Task objective → Transcribe the data underneath exactly, keeping every word in place.

━━━━━ Materials provided

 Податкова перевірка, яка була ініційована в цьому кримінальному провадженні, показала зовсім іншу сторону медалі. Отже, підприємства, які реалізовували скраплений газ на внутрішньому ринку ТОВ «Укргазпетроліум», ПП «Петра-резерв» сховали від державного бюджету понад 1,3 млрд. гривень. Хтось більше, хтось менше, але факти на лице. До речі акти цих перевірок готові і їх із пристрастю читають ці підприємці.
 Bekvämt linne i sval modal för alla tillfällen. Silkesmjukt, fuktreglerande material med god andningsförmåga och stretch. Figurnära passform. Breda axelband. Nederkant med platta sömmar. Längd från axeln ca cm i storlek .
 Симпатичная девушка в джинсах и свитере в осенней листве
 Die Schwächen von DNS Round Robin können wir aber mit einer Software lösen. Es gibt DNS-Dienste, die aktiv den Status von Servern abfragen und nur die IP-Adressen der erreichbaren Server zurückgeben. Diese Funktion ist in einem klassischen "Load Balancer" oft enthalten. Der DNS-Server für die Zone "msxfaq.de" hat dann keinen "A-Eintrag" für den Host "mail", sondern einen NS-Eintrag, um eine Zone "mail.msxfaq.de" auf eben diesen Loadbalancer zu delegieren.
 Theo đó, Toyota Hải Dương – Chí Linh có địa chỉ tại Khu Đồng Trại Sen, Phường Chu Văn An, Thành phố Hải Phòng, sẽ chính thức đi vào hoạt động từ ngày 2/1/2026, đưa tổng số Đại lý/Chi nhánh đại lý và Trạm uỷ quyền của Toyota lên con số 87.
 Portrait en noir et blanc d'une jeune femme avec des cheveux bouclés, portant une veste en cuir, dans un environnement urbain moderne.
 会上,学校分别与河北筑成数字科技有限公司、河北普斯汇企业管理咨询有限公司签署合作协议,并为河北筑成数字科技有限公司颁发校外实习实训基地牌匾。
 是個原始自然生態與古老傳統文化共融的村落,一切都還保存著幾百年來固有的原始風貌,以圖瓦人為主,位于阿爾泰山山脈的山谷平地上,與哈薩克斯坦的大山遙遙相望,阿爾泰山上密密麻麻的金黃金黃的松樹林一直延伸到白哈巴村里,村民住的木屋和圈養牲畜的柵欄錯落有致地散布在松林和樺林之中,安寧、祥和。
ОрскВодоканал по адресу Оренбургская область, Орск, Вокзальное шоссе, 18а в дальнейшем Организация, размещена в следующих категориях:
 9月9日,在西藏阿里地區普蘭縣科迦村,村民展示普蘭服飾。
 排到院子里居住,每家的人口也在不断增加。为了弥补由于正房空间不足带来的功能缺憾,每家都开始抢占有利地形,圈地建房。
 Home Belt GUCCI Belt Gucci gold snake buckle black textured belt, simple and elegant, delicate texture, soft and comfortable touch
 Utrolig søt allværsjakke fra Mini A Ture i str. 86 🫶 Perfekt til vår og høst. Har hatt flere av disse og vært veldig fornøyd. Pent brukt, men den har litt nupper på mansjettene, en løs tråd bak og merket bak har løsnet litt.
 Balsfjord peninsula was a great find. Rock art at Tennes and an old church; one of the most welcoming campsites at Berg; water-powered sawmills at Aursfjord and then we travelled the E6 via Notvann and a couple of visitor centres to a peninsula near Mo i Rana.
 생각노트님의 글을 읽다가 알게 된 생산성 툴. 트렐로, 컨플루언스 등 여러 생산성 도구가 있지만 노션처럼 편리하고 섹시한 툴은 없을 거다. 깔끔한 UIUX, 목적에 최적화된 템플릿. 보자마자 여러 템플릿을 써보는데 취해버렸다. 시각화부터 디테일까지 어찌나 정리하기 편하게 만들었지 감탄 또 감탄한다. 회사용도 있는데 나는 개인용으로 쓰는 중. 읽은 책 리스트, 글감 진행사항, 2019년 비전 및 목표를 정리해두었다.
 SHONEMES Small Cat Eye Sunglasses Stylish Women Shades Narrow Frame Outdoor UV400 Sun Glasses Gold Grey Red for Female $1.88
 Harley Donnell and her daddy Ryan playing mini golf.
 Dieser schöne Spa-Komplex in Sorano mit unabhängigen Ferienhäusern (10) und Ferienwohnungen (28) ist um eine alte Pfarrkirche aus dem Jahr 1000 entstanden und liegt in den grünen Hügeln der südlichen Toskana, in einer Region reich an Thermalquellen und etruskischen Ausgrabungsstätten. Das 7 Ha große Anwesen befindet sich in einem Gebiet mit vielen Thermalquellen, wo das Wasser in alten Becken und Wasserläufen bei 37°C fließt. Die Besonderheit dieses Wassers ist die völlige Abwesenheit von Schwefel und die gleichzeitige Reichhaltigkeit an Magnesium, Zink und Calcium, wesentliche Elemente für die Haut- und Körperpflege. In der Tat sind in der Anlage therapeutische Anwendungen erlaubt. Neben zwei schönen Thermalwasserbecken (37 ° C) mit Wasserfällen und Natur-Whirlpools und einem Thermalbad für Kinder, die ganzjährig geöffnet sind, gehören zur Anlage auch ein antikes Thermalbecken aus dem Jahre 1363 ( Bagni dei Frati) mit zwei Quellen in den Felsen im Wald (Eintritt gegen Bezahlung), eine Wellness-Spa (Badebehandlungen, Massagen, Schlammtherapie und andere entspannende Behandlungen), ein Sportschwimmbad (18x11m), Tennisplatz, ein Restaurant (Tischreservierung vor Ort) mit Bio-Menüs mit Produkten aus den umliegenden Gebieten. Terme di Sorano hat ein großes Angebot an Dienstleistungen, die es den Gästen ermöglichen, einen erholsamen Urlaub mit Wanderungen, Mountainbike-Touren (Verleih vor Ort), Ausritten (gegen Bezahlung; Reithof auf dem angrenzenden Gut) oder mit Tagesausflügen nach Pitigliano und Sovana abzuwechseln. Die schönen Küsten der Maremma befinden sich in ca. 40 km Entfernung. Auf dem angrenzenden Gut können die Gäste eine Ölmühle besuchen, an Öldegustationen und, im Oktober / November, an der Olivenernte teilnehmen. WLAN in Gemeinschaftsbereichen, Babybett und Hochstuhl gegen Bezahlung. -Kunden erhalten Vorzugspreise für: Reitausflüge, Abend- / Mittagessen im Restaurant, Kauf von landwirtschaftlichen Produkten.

━━━━━━━━━━

Exercise output →
 Податкова перевірка, яка була ініційована в цьому кримінальному провадженні, показала зовсім іншу сторону медалі. Отже, підприємства, які реалізовували скраплений газ на внутрішньому ринку ТОВ «Укргазпетроліум», ПП «Петра-резерв» сховали від державного бюджету понад 1,3 млрд. гривень. Хтось більше, хтось менше, але факти на лице. До речі акти цих перевірок готові і їх із пристрастю читають ці підприємці.
 Bekvämt linne i sval modal för alla tillfällen. Silkesmjukt, fuktreglerande material med god andningsförmåga och stretch. Figurnära passform. Breda axelband. Nederkant med platta sömmar. Längd från axeln ca cm i storlek .
 Симпатичная девушка в джинсах и свитере в осенней листве
 Die Schwächen von DNS Round Robin können wir aber mit einer Software lösen. Es gibt DNS-Dienste, die aktiv den Status von Servern abfragen und nur die IP-Adressen der erreichbaren Server zurückgeben. Diese Funktion ist in einem klassischen "Load Balancer" oft enthalten. Der DNS-Server für die Zone "msxfaq.de" hat dann keinen "A-Eintrag" für den Host "mail", sondern einen NS-Eintrag, um eine Zone "mail.msxfaq.de" auf eben diesen Loadbalancer zu delegieren.
 Theo đó, Toyota Hải Dương – Chí Linh có địa chỉ tại Khu Đồng Trại Sen, Phường Chu Văn An, Thành phố Hải Phòng, sẽ chính thức đi vào hoạt động từ ngày 2/1/2026, đưa tổng số Đại lý/Chi nhánh đại lý và Trạm uỷ quyền của Toyota lên con số 87.
 Portrait en noir et blanc d'une jeune femme avec des cheveux bouclés, portant une veste en cuir, dans un environnement urbain moderne.
 会上,学校分别与河北筑成数字科技有限公司、河北普斯汇企业管理咨询有限公司签署合作协议,并为河北筑成数字科技有限公司颁发校外实习实训基地牌匾。
 是個原始自然生態與古老傳統文化共融的村落,一切都還保存著幾百年來固有的原始風貌,以圖瓦人為主,位于阿爾泰山山脈的山谷平地上,與哈薩克斯坦的大山遙遙相望,阿爾泰山上密密麻麻的金黃金黃的松樹林一直延伸到白哈巴村里,村民住的木屋和圈養牲畜的柵欄錯落有致地散布在松林和樺林之中,安寧、祥和。
ОрскВодоканал по адресу Оренбургская область, Орск, Вокзальное шоссе, 18а в дальнейшем Организация, размещена в следующих категориях:
 9月9日,在西藏阿里地區普蘭縣科迦村,村民展示普蘭服飾。
 排到院子里居住,每家的人口也在不断增加。为了弥补由于正房空间不足带来的功能缺憾,每家都开始抢占有利地形,圈地建房。
 Home Belt GUCCI Belt Gucci gold snake buckle black textured belt, simple and elegant, delicate texture, soft and comfortable touch
 Utrolig søt allværsjakke fra Mini A Ture i str. 86 🫶 Perfekt til vår og høst. Har hatt flere av disse og vært veldig fornøyd. Pent brukt, men den har litt nupper på mansjettene, en løs tråd bak og merket bak har løsnet litt.
 Balsfjord peninsula was a great find. Rock art at Tennes and an old church; one of the most welcoming campsites at Berg; water-powered sawmills at Aursfjord and then we travelled the E6 via Notvann and a couple of visitor centres to a peninsula near Mo i Rana.
 생각노트님의 글을 읽다가 알게 된 생산성 툴. 트렐로, 컨플루언스 등 여러 생산성 도구가 있지만 노션처럼 편리하고 섹시한 툴은 없을 거다. 깔끔한 UIUX, 목적에 최적화된 템플릿. 보자마자 여러 템플릿을 써보는데 취해버렸다. 시각화부터 디테일까지 어찌나 정리하기 편하게 만들었지 감탄 또 감탄한다. 회사용도 있는데 나는 개인용으로 쓰는 중. 읽은 책 리스트, 글감 진행사항, 2019년 비전 및 목표를 정리해두었다.
 SHONEMES Small Cat Eye Sunglasses Stylish Women Shades Narrow Frame Outdoor UV400 Sun Glasses Gold Grey Red for Female $1.88
 Harley Donnell and her daddy Ryan playing mini golf.
 Dieser schöne Spa-Komplex in Sorano mit unabhängigen Ferienhäusern (10) und Ferienwohnungen (28) ist um eine alte Pfarrkirche aus dem Jahr 1000 entstanden und liegt in den grünen Hügeln der südlichen Toskana, in einer Region reich an Thermalquellen und etruskischen Ausgrabungsstätten. Das 7 Ha große Anwesen befindet sich in einem Gebiet mit vielen Thermalquellen, wo das Wasser in alten Becken und Wasserläufen bei 37°C fließt. Die Besonderheit dieses Wassers ist die völlige Abwesenheit von Schwefel und die gleichzeitige Reichhaltigkeit an Magnesium, Zink und Calcium, wesentliche Elemente für die Haut- und Körperpflege. In der Tat sind in der Anlage therapeutische Anwendungen erlaubt. Neben zwei schönen Thermalwasserbecken (37 ° C) mit Wasserfällen und Natur-Whirlpools und einem Thermalbad für Kinder, die ganzjährig geöffnet sind, gehören zur Anlage auch ein antikes Thermalbecken aus dem Jahre 1363 ( Bagni dei Frati) mit zwei Quellen in den Felsen im Wald (Eintritt gegen Bezahlung), eine Wellness-Spa (Badebehandlungen, Massagen, Schlammtherapie und andere entspannende Behandlungen), ein Sportschwimmbad (18x11m), Tennisplatz, ein Restaurant (Tischreservierung vor Ort) mit Bio-Menüs mit Produkten aus den umliegenden Gebieten. Terme di Sorano hat ein großes Angebot an Dienstleistungen, die es den Gästen ermöglichen, einen erholsamen Urlaub mit Wanderungen, Mountainbike-Touren (Verleih vor Ort), Ausritten (gegen Bezahlung; Reithof auf dem angrenzenden Gut) oder mit Tagesausflügen nach Pitigliano und Sovana abzuwechseln. Die schönen Küsten der Maremma befinden sich in ca. 40 km Entfernung. Auf dem angrenzenden Gut können die Gäste eine Ölmühle besuchen, an Öldegustationen und, im Oktober / November, an der Olivenernte teilnehmen. WLAN in Gemeinschaftsbereichen, Babybett und Hochstuhl gegen Bezahlung. -Kunden erhalten Vorzugspreise für: Reitausflüge, Abend- / Mittagessen im Restaurant, Kauf von landwirtschaftlichen Produkten.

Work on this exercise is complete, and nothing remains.